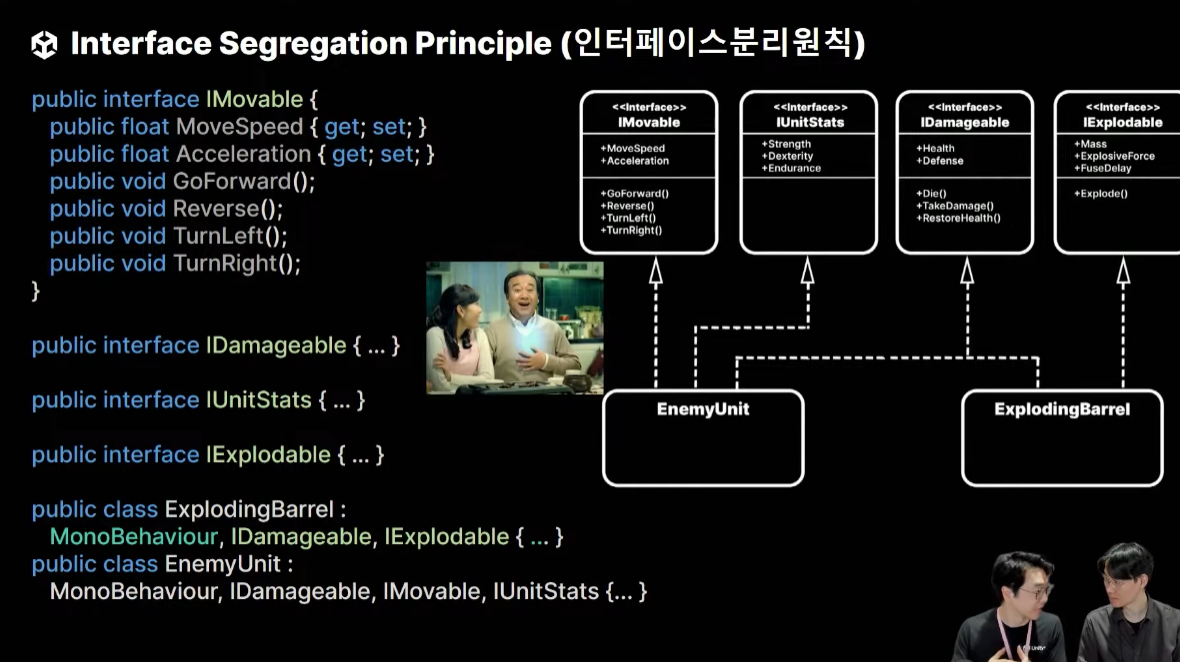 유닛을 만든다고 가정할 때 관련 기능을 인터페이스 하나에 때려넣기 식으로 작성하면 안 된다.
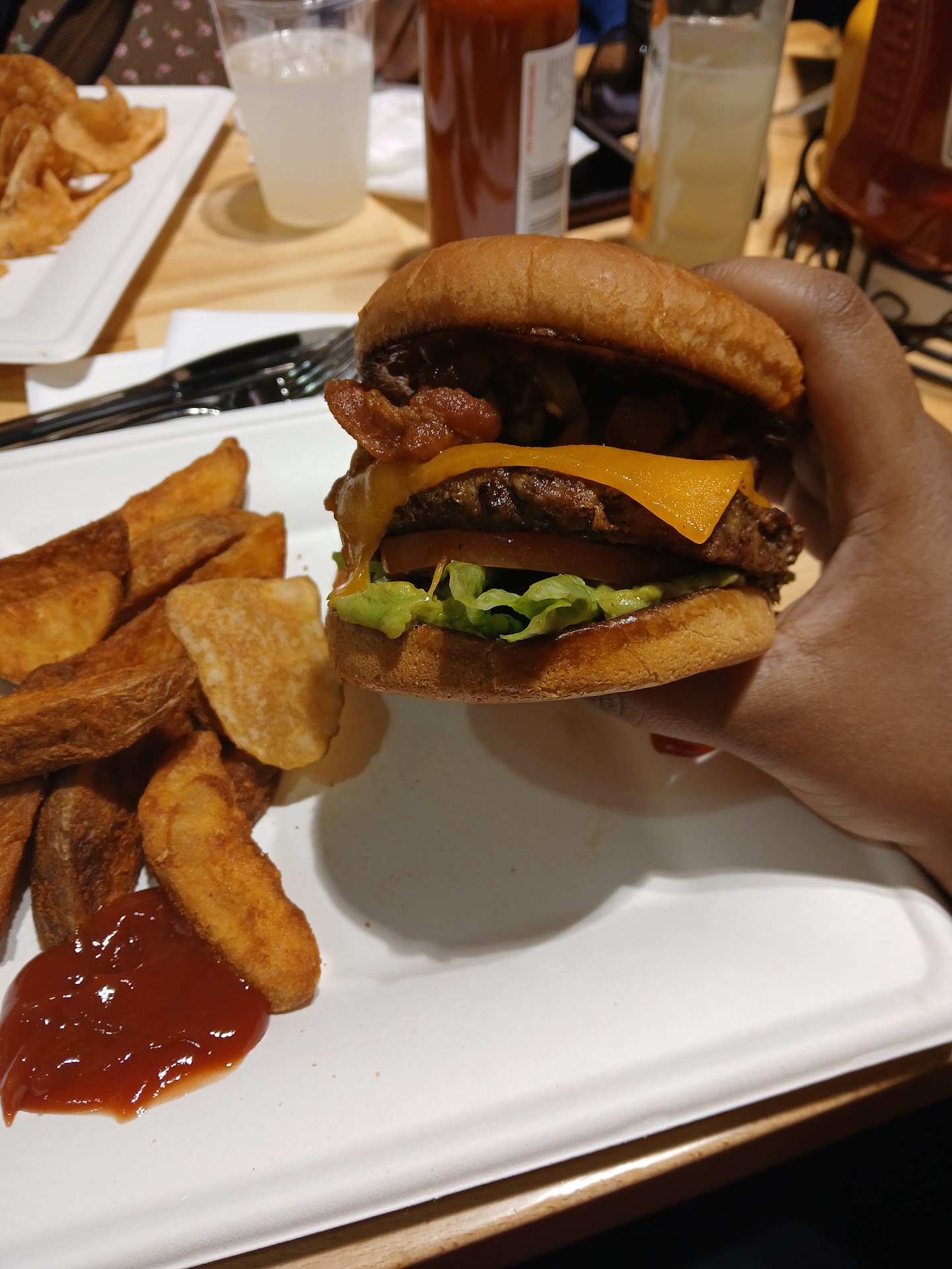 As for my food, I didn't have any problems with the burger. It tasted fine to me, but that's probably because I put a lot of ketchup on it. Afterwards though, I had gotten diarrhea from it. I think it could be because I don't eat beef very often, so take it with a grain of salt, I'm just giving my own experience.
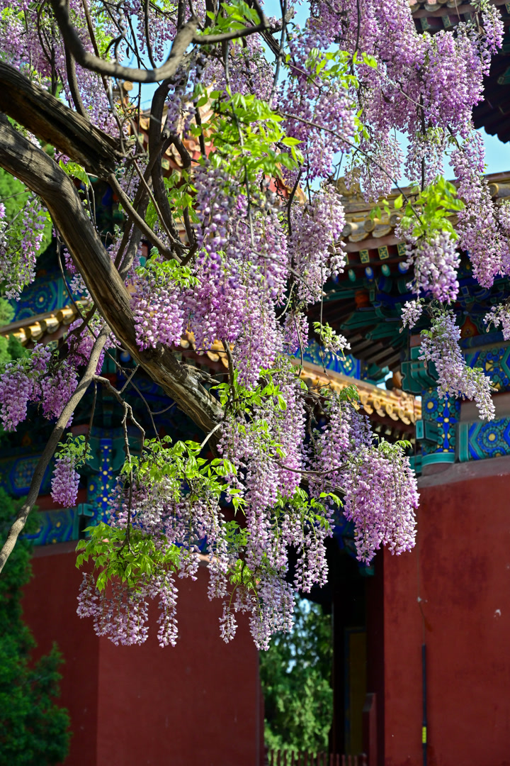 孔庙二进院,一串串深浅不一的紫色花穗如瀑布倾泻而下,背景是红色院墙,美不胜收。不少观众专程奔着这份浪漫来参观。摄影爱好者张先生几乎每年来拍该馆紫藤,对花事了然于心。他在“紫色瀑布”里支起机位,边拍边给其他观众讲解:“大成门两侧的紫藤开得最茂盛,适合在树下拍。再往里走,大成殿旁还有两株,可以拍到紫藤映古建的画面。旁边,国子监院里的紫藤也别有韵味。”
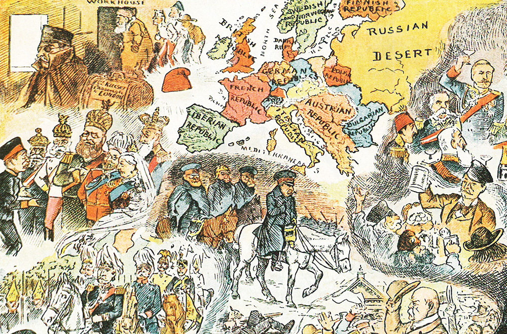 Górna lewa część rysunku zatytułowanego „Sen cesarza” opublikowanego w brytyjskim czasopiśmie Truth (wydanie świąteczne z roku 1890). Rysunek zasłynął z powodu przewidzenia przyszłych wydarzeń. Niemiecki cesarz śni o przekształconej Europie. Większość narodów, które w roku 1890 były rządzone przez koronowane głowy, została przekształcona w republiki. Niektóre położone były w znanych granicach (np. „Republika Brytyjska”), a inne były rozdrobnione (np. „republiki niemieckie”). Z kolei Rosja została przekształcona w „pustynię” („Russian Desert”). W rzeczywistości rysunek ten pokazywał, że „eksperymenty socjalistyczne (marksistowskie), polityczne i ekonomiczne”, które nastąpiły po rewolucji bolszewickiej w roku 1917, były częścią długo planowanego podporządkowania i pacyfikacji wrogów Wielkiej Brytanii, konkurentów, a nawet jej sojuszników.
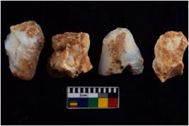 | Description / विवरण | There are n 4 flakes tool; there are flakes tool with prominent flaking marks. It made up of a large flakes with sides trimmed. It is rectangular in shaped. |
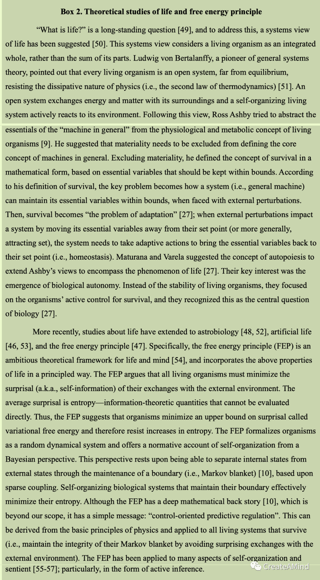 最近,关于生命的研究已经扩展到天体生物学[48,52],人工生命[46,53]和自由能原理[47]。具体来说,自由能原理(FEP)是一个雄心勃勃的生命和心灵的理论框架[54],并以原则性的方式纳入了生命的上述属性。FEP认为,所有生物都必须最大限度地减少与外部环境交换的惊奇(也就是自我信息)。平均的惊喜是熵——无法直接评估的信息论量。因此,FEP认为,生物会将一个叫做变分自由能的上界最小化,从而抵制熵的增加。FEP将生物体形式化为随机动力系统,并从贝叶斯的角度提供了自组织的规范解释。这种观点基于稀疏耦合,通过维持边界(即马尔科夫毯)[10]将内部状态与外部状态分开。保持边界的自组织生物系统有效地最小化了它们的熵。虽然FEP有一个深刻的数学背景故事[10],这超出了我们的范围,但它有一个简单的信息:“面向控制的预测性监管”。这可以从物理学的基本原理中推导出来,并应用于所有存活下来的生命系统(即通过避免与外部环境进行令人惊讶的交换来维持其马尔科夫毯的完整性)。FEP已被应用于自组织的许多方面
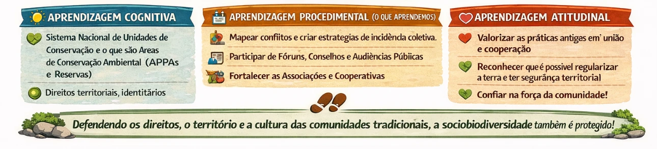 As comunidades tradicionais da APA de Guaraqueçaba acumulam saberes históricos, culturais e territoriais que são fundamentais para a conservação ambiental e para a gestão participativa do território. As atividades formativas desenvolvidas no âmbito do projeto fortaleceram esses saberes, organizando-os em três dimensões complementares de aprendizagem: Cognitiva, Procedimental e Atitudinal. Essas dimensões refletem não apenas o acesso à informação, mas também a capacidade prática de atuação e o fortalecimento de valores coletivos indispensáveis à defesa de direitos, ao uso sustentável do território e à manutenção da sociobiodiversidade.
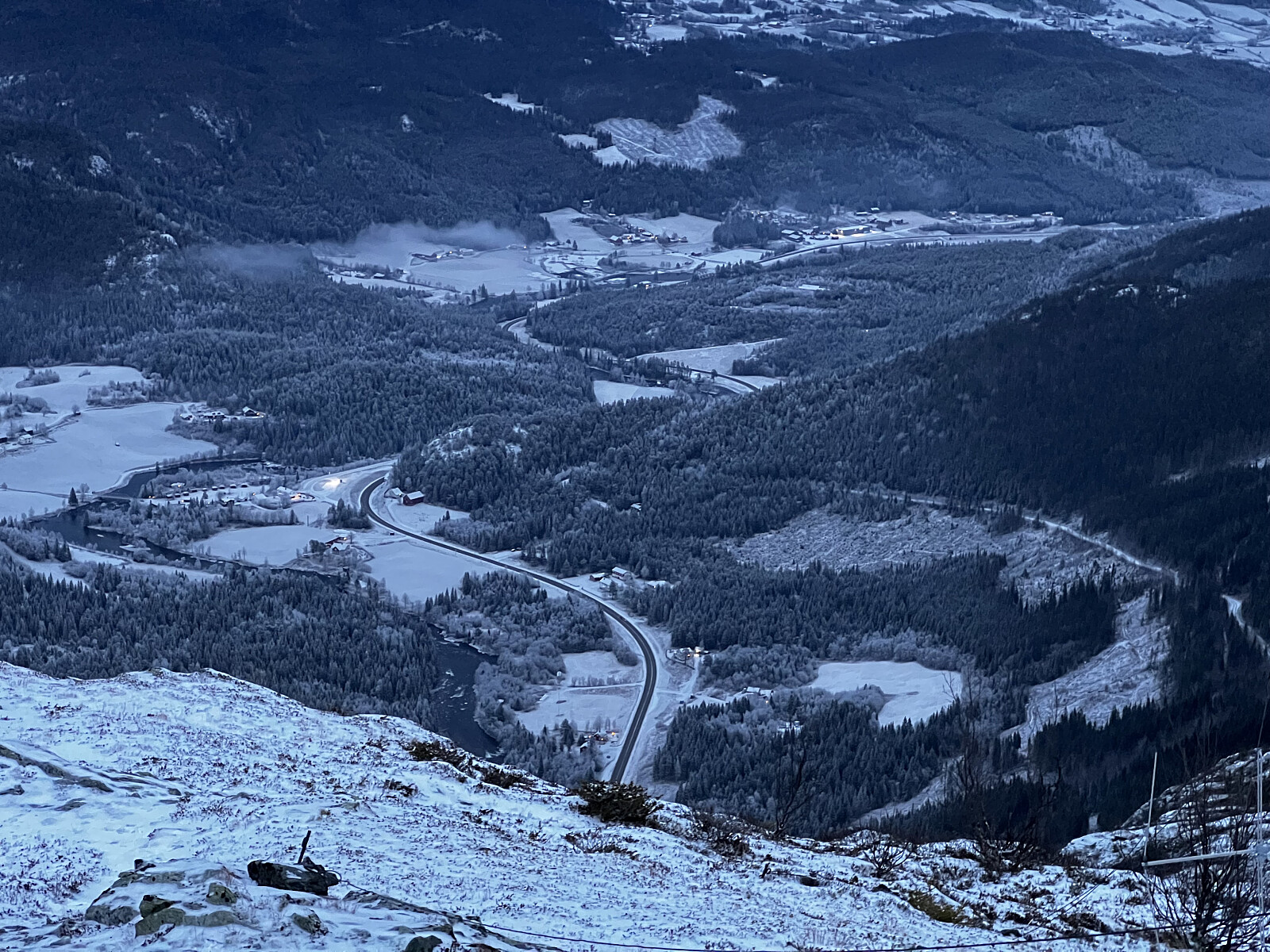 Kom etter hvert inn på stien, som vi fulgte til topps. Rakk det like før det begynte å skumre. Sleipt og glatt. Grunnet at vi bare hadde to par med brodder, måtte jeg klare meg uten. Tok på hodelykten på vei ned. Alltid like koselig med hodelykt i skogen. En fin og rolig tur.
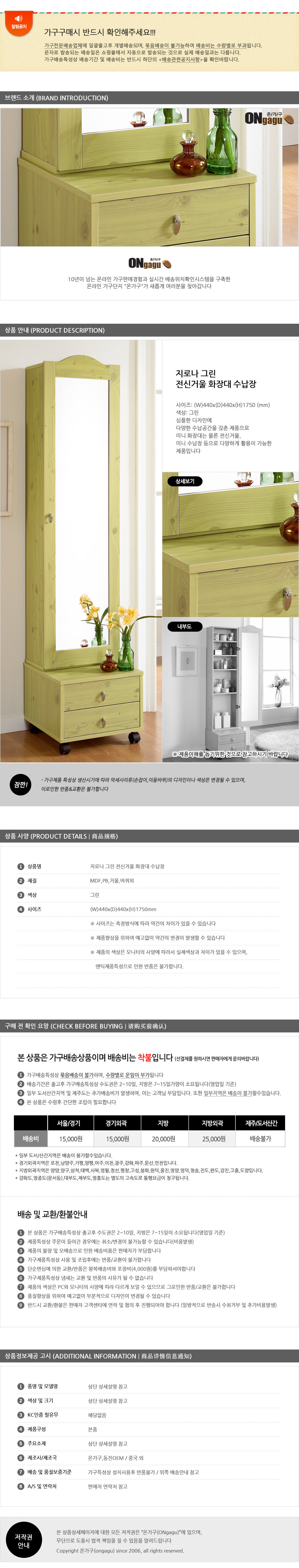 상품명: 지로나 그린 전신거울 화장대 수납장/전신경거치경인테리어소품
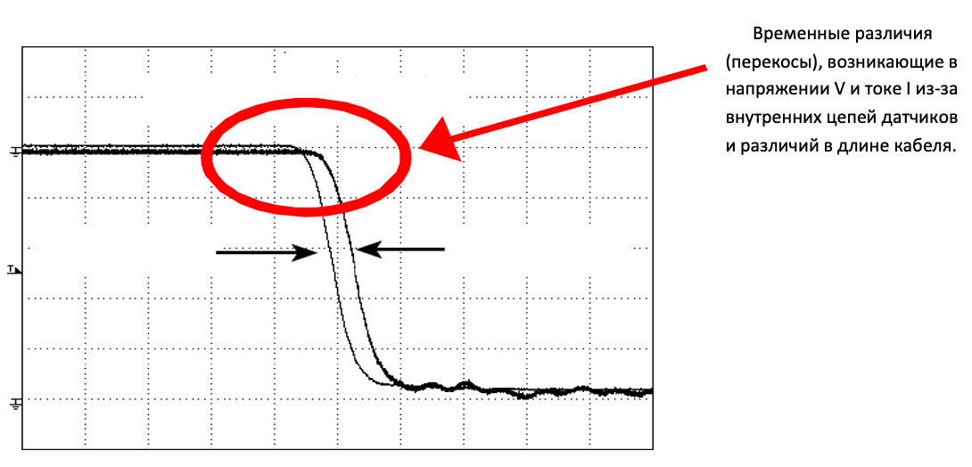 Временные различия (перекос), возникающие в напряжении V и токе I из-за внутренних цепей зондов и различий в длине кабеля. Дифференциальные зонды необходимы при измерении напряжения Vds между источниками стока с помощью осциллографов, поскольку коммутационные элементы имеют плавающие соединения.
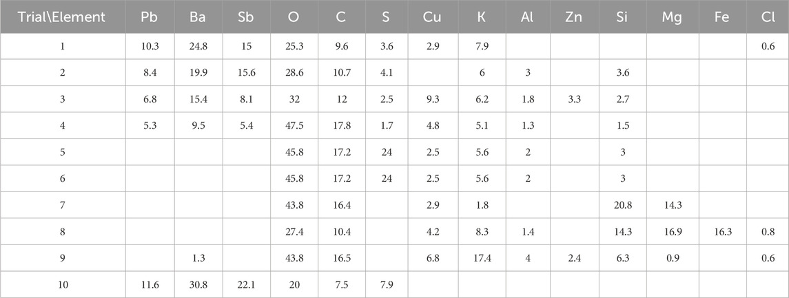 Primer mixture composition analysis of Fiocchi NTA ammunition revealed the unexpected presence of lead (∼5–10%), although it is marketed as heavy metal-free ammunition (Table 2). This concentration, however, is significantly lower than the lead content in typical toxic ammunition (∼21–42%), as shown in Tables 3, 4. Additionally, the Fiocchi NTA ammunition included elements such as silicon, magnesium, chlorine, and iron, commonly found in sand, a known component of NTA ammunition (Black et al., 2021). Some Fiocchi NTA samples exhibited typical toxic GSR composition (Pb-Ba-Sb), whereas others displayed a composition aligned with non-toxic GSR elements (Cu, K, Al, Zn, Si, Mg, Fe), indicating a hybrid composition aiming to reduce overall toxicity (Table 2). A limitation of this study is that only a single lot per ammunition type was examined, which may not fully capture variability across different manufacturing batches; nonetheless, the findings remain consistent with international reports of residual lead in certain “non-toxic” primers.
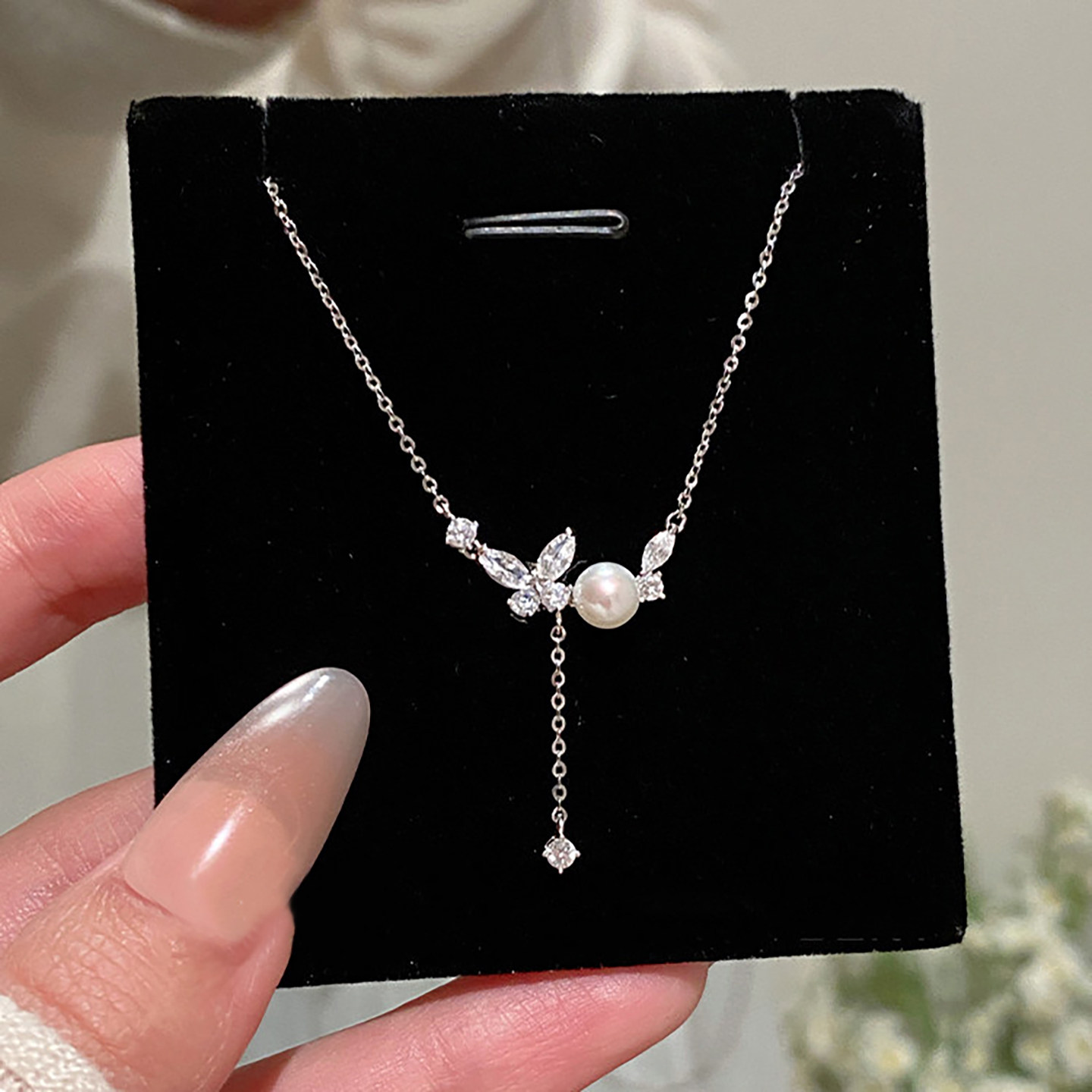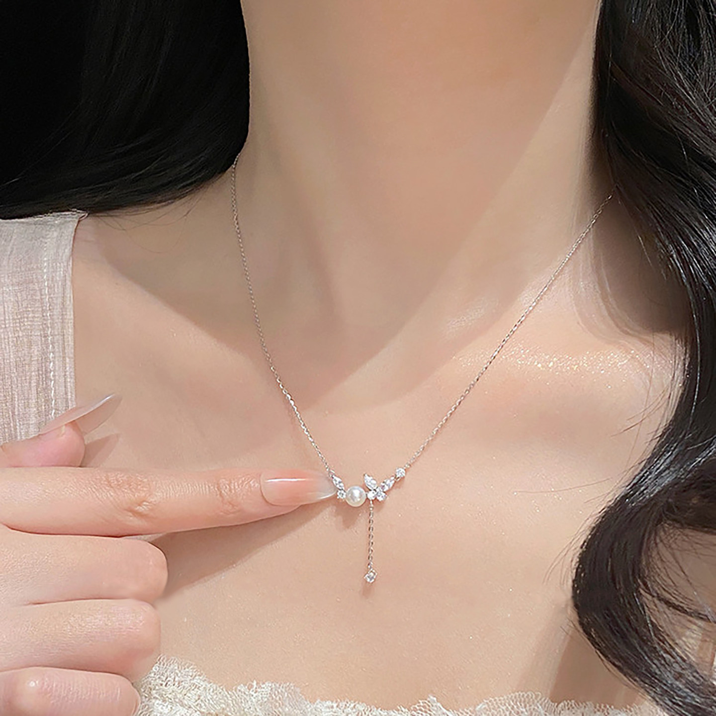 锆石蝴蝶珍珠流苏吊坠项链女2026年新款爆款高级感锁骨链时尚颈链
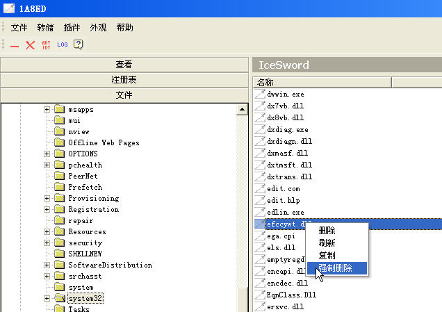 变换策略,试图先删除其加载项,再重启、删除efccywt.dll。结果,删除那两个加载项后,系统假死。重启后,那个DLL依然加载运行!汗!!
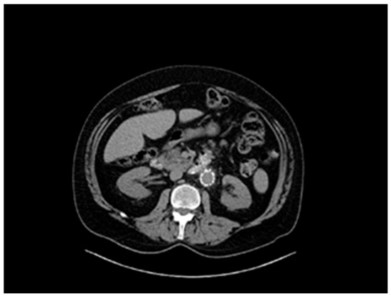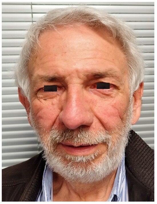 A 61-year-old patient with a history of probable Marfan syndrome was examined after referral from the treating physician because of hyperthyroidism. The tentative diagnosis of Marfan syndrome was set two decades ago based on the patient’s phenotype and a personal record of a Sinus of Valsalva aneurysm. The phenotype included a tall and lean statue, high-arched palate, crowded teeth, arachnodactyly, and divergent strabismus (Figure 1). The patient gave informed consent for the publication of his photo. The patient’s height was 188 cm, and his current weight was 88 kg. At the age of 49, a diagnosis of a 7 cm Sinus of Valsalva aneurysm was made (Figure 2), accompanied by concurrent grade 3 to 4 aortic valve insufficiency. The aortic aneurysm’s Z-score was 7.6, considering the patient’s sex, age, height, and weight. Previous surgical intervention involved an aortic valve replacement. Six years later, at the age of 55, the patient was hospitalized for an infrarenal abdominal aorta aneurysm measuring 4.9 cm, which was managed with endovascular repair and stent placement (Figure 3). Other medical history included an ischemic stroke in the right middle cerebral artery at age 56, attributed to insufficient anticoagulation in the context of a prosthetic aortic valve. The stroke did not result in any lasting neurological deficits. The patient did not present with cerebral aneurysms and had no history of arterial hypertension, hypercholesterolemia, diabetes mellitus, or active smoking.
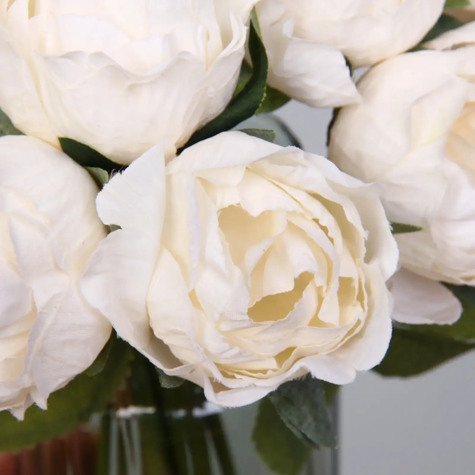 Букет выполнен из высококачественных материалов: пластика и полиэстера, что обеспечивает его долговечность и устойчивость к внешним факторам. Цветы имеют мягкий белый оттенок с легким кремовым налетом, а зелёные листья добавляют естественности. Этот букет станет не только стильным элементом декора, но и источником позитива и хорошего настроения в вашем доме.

● ● ● ● ●

* _PROMPT_:
Output only the stretch above from the line with "Kom etter hvert" through the line with "상품명: 지로나 그린 전신거울 화장대 수납장/전신경거치경인테리어소품", reproduced exactly. Exclude pictures.

* _OUTPUT FOR THIS TASK_:
 Kom etter hvert inn på stien, som vi fulgte til topps. Rakk det like før det begynte å skumre. Sleipt og glatt. Grunnet at vi bare hadde to par med brodder, måtte jeg klare meg uten. Tok på hodelykten på vei ned. Alltid like koselig med hodelykt i skogen. En fin og rolig tur.
 상품명: 지로나 그린 전신거울 화장대 수납장/전신경거치경인테리어소품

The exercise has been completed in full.